Let’s go back to your early years. Obviously, music is a big part of your lives and how this film came to be. What are your first musical memories?
Matt: My first musical memories are Anne Murray, Roberta Flack and the Mickey Mouse Club, along with the ‘Grease’ soundtrack. I wasn’t until our older sister Rachael brought me home The Smiths, Violent Femmes and U2’s “Unforgettable Fire” and a couple of other records that I woke up and started hearing music differently and seeing what music could be. That was it for me.
Tom: I remember that I loved ‘Little Shop of Horrors’ the Frank Oz movie where he worked with Rick Moranis. I loved the last song in it called “Mean Green Mother from Outer Space.” I loved that album so much that in grade school, while sitting in the lunch room, I used to pretend I would turn into a giant plant and sing that song! I loved that soundtrack and that is one of my earliest musical memories!
“Mistaken for Strangers” is born from you going on tour together. What were you expectations for embarking on that journey together initially versus what came to be with this film project?
Tom: Let’s put it this way; I needed a job. My brother was nice enough to give me a job on his crew. All I really wanted to do was create video content for their website and eventually after I finished touring with The National, I would be able to maybe be able to get a job at some website firm. Literally, I was hoping to use their popularity to make my reel and get my portfolio together.
Matt: I just wanted him to get out of Cincinnati. I missed him but mostly I just wanted him to get out of the rut I thought he was in. I encouraged him to bring his camera along to make some sort of tour diary that we could possibly use for our website. Nobody in the band, including me or Tom, had the idea it would become a feature film at the end of this! If that had been a thought, I think we wouldn’t have let Tom do it! I think we would have hired somebody else! [laughs]
This is a bit of film within a film type of situation. How did you get the film off the ground and begin to plot what we ultimately see as the finished product? What can you tell us about putting it all together?

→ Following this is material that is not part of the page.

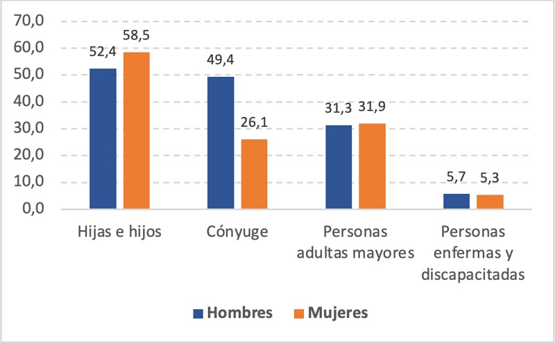 La gráfica 2 nos muestra que estas personas dependientes, en el caso de las mujeres, son principalmente las hijas y los hijos y, en segundo lugar, las personas adultas mayores, mientras que en el caso de los hombres son las hijas y los hijos y después la cónyuge. Es decir, sobre las mujeres, hay una fuerte presión de llevar un sustento económico a sus hogares para alimentar y proveer de todo lo necesario a sus hijas e hijos menores.

Matt: In many ways, after Tom got fired from the tour and had all of this footage, I knew he could make something from it. I invited him to come live at our house in Mew York. I didn’t want him to go back to Cincinnati because I knew if he did go back there, he would just go back into his old rut. I wanted him to make something out of it, so he moved in with us in Brooklyn. It was very much my wife who turned the light on a little bit as far as the potential of what this thing could be about. After Tom got fired, she felt that was really interesting and was the one who said that Tom should be in this film more and later on the film would become almost completely about Tom. It was very much her who set Tom on the right course with this thing. Then there was a very long process of Tom and my wife, Corrine, piecing together the things that tell the narrative.
Tom: I was being encouraged by Corrine and a few people around me to tell my story. I felt like I had nothing to lose. That might not have been true but I felt this could be my only chance to do something special or at least have a platform to let people see me do something special. In some ways I put on a blindfold and just went for it, as far as putting myself out there. I did get pretty nervous later on when the movie started to really come together. There are points in the movie where you see me crying and I am spilling my guts on screen that I felt kinda nervous about putting my life out there. I was torn between what would make a good movie if we kept with the story of this side of me but on the other hand I got really nervous that people would see something that was kind of embarrassing for me.
You mentioned the point in the film where Tom is fired from the tour and you were a bit at odds. How bad was that situation for you when you were going through it?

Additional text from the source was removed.